ESEMPIO PRATICO. COME RIBADITO poche righe prima a Campiglione Fenile sono presenti due dei maggiori platani della Regione Piemonte; vivono insieme, due tronchi che si elevano e compongono un’enorme semisfera arborea larga, spanna più, spanna meno, una trentina di metri e tanti passi. Ho visitato i due platani che chiamai tempo fa, gli Imbronciati, in diverse stagioni, con la neve come col sole a picco, a gennaio quando la corteccia è visibile e a luglio, quando il popolo vanitoso delle foglie ricopre l’intero organismo in una diffusa ombra magica. Ho misurato nel tempo la crescita di circonferenza di questi tronchi, centimetro dopo centimetro. Lo stesso nome con cui il posto ora è conosciuto, Campo dei Miracoli, è una mia piccola invenzione cucita tra articoli per il quotidiano La Stampa e i primi silvari di varie stagioni orsono. Qui sotto mi sono sbalordito, le prime volte, mi sono appassionato, mi sono autofotografato – selfizzato?! – ho meditato all’alba e ho anche accompagnato alcuni gruppi di etnobotanici ed ecociclisti curiosi.

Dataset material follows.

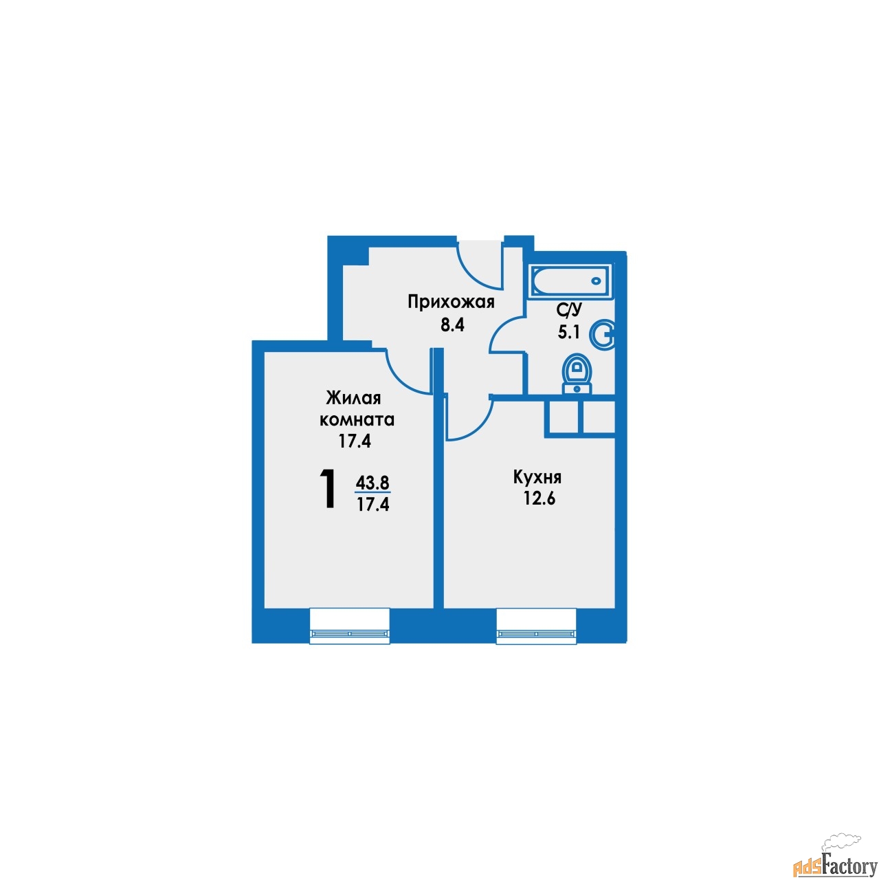 Общая площадь (кв.м) | 43.8 |

I DUE GRANDI MAESTOSI PLATANI di Campiglione Fenile, oramai una tappa obbligata per molti cercatori di alberi, per arbonauti, per viandanti, mi hanno sempre accolto nel loro silenzio. Ogni volta mi inchino alle loro forme prepotenti, sauresche, mi inginocchio e poso la mia schiena contro i loro tronchi. E resto qui, nel mio dolce far niente, ad attendere un loro brontolio, uno scuotimento di fronda. Cinquant’anni fa i bambini vi venivano a giocare, quando le recinzioni non esistevano salivano sui rami lunghissimi – anche fino a 10/12 metri – che ancora erano sospesi, a mezz’aria, e li stavano a dondolarsi, consumavano diversi momenti qui, fortificando i loro ricordi. Chi oggi può ancora farlo? Gli audaci che entrano dalla porticina di legno spesso malmessa a causa del transito di chi l’aveva trovata chiusa. Ma lo stesso potrei dire di alcuni alberi delle nostre città, certi ficus del sud, tra Cagliari, Napoli, Palermo, Catania o Reggio Calabria, certi platani tra Milano e Bologna, Torino e Firenze e Roma. Quel silenzio misterioso che abita questi testimoni del tempo che vola per fortuna non sarà mai recintato, ma come condividerlo se gli alberi saranno separati da noi come se fossero la Gioconda, un Van Gogh o un prezioso Stradivari?